Parmi les tendances de l'après-crise, Jean-Luc Raunicher note une accélération de la digitalisation au sein des entreprises auralpines, qui se traduit par 10.000 postes à pouvoir aujourd'hui dans le domaine du numérique.

LA TRIBUNE AUVERGNE RHONE- ALPES - Courant janvier, il est encore l'heure du bilan de cette année inédite que nous venons de traverser. Après les craintes nourries au cours des derniers mois pour l'avenir des entreprises régionales, quel est finalement, à l'aube de cette nouvelle année, le premier bilan que vous dressez de la situation économique ? La région Auvergne Rhône-Alpes fait-elle finalement partie des plus touchées, de par son tissu industriel ?

JEAN LUC RAUNICHER - "Nous sommes la seconde économie régionale, et aussi la première région industrielle de France. À ce titre, beaucoup de nos entreprises ont été frappées par la crise, comme celles de l'aéronautique, tandis que d'autres secteurs d'activité comme la chimie ou la pharmacie, ou encore l'agroalimentaire ou l'énergie s'en sont mieux sortis. Il ne faut pas oublier que nous sommes aussi la première région énergéticienne de France, voire même d'Europe.

L'environnement que nous connaissons est encore très contrasté. Au final, nous connaissons une perte d'activité qui devrait être le reflet de la baisse du PIB national, de l'ordre de -8 à -10 % en moyenne. C'est malheureusement bien pire pour les entreprises qui subissent de plein fouet les fermetures administratives ou bien la mise en place du couvre-feu, comme l'hôtellerie, la restauration, l'événementiel et les domaines skiables..."
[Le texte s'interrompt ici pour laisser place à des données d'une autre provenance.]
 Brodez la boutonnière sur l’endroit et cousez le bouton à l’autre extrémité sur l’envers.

Les aides ont-elles finalement été à la hauteur des attentes des chefs d'entreprise ?

"On peut dire que les pouvoirs publics et les banques ont mis en place des dispositifs extrêmement massifs afin de soutenir les entreprises durant cette crise. Ils continuent d'ailleurs à le faire, à l'instar du PGE, dont les modalités de remboursement sont assouplies. Tout le monde a été au rendez-vous. Le MEDEF Auvergne-Rhône Alpes est mobilisé depuis le 1er jour afin d'accompagner les entreprises de notre région."

On a beaucoup parlé de la perspective d'un mur de dettes faisant face aux entreprises : celui-ci s'éloigne-t-il progressivement ?
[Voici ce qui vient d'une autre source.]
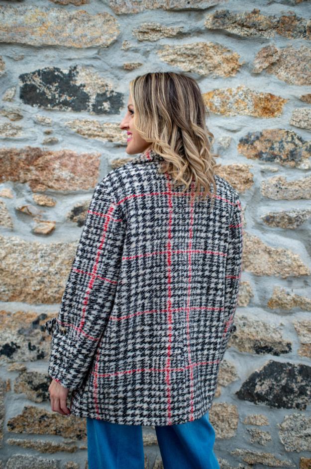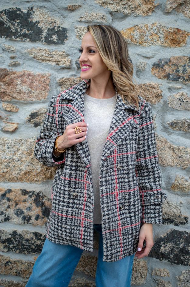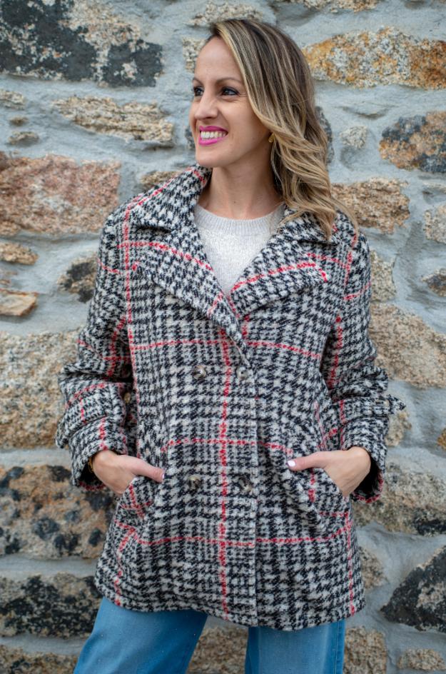 Abrigo de cuadros de la marca Escorpion. Un clásico diseño corto de tweed que combina elegancia y calidez, ideal para la temporada de otoño e invierno.

"Beaucoup d'entreprises, environ 650.000 à l'échelon national, ont eu recours au PGE, pour près de 130 milliards d'euros. Avec plusieurs cas de figure là encore puisque certaines en avaient un réel besoin, tandis que d'autres l'ont fait par prudence car il s'agissait alors d'un saut dans l'inconnu.

Le problème se pose pour les entreprises les plus fragiles, qui ont déjà consommé leur PGE et s'apprêtent à faire face aux prochaines modalités de remboursement de leur emprunt. Pour elles, c'est l'avenir qui est hypothéqué, du fait d'une incapacité d'investir, de se digitaliser, ou encore de moderniser leur outil de production ... D'où le décalage d'un an supplémentaire d'amortissement du capital pour les PGE.

Nous avions nous-mêmes plaidé pour une durée de remboursement plus longue, de l'ordre de 8 à 10 ans, afin de mieux répartir l'effort et que cela soit le plus indolore possible."

Pensez-vous qu'un nouvel aménagement soit possible ?

"Il est difficile de se prononcer car ce que le gouvernement a décidé ces derniers jours paraissait impossible il y a seulement quelques semaines. Chacun a conscience qu'il faut absolument éviter un décrochage de notre économie."

Certains entrepreneurs affirment que les banques n'auraient pas prêté suffisamment, voire même durci leurs conditions, face à la situation délicate de certains secteurs. Avez-vous des remontées en ce sens ?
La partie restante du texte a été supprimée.